Kafubu River (center right)

Kafubu River is a river in the Copperbelt Province of Zambia. It starts in Ndola and it cuts through the city's main area westwards into the area in-between Levy Mwanawasa Stadium and Masala before turning southwards after Masala and continuing through the Luanshya and Masaiti districts to join the Kafue River.

==Stream==
Its source is in Ndola, just north of the Ndola Boat Club (water reservoir) (south-east of the Chipulukusu neighbourhood). It forms the boundary between Ndola Central and the Itawa neighbourhood, heading westwards. After passing under the T3 road south of Ndola Golf Club, it forms the border between the Masala and Hillcrest suburbs, before forming the border between the Lubuto and Twapia suburbs of Ndola.
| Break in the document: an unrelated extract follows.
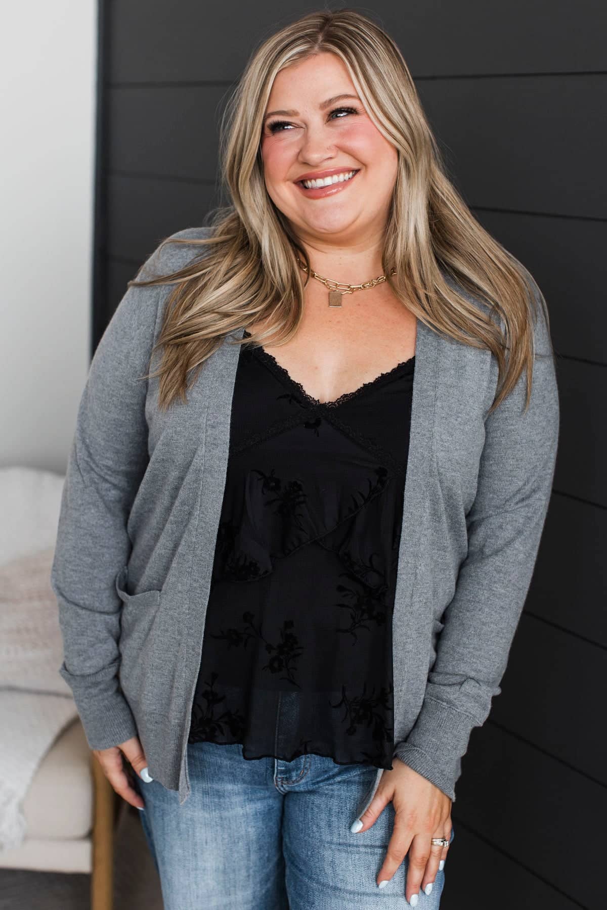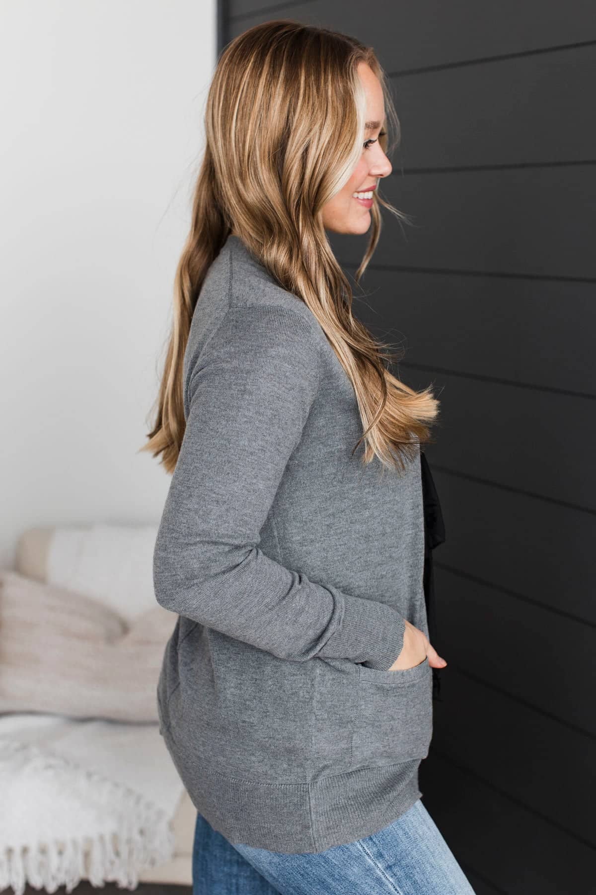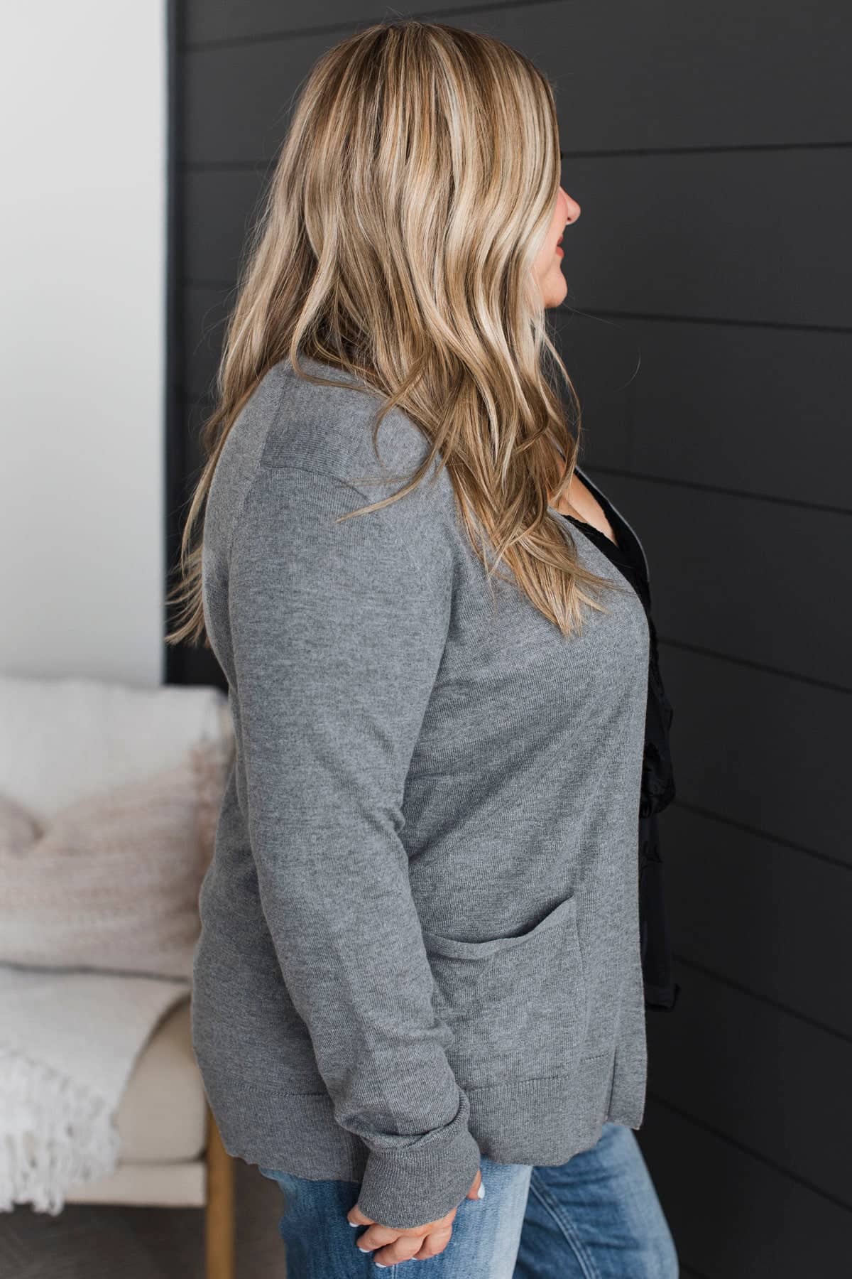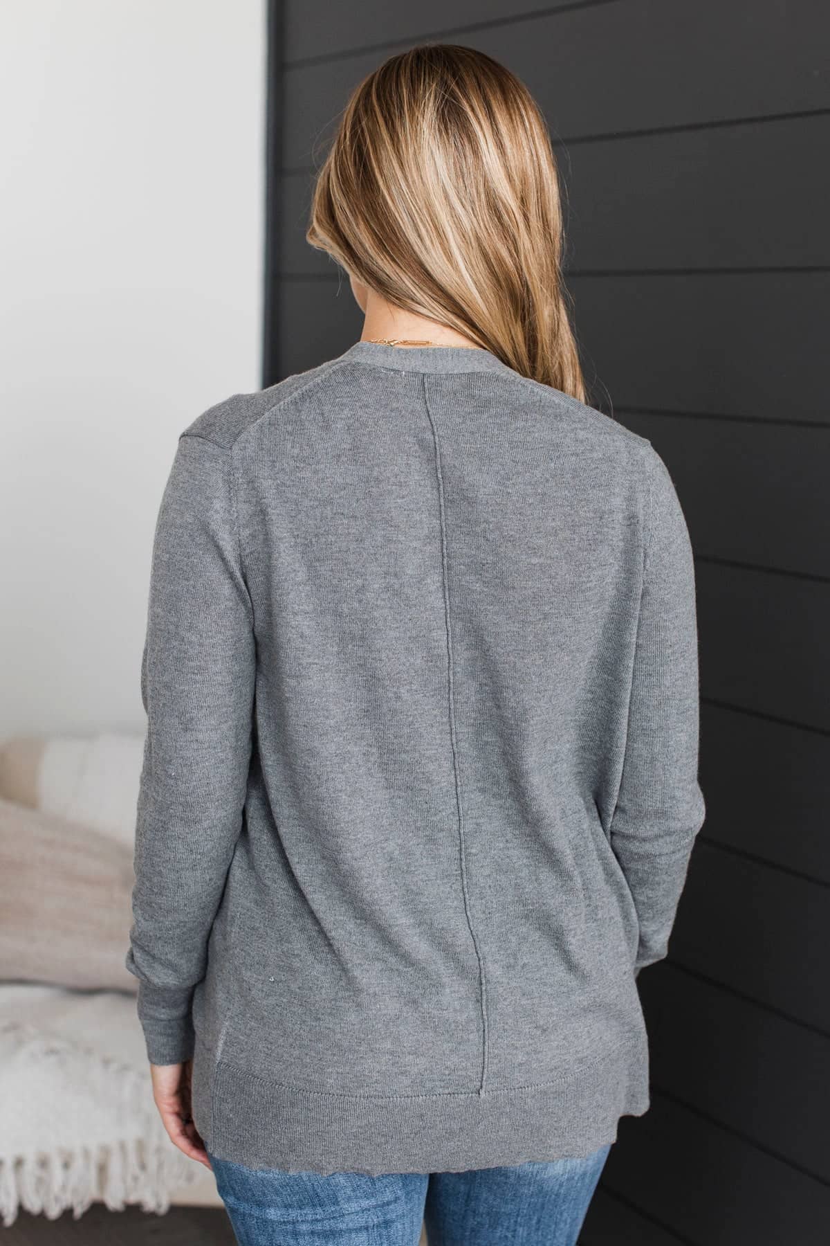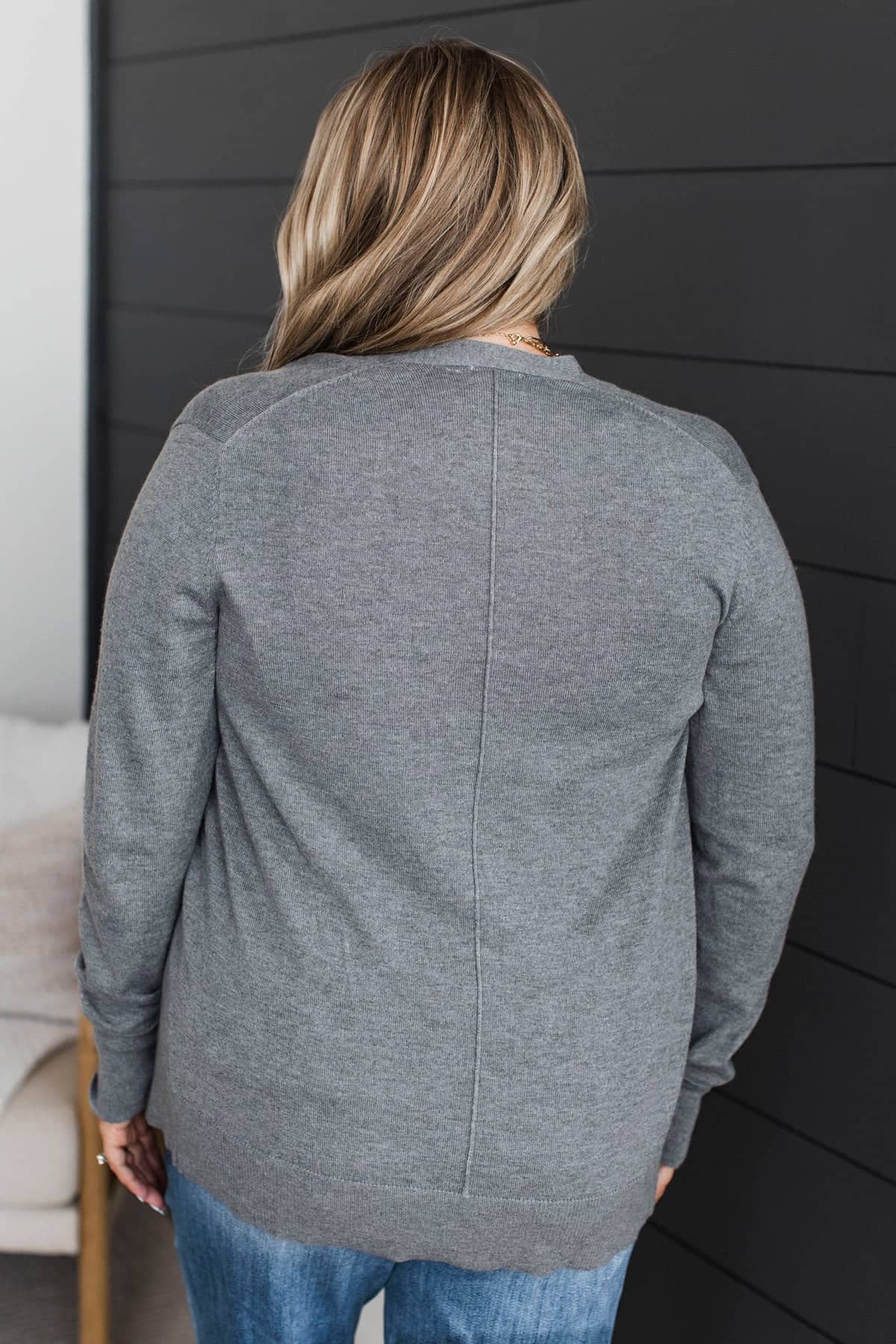 Effortlessly Composed Knit Cardigan- Grey

Just after Twapia, the river goes southwards, becoming the Kafubu Dam, to leave Ndola District. After passing under the M6 road, the Kafubu River turns westwards and forms the border between Luanshya District and Masaiti District up to a point north-west of Masaiti Town.

It continues westwards, joined by the Kafulafuta River west of Masaiti Town. From the Kafulafuta River confluence, it forms the border between Masaiti District and Mpongwe District up to the point where Masaiti District, Mpongwe District and Lufwanyama District form a tri-border point, where it ends by forming a confluence with the Kafue River.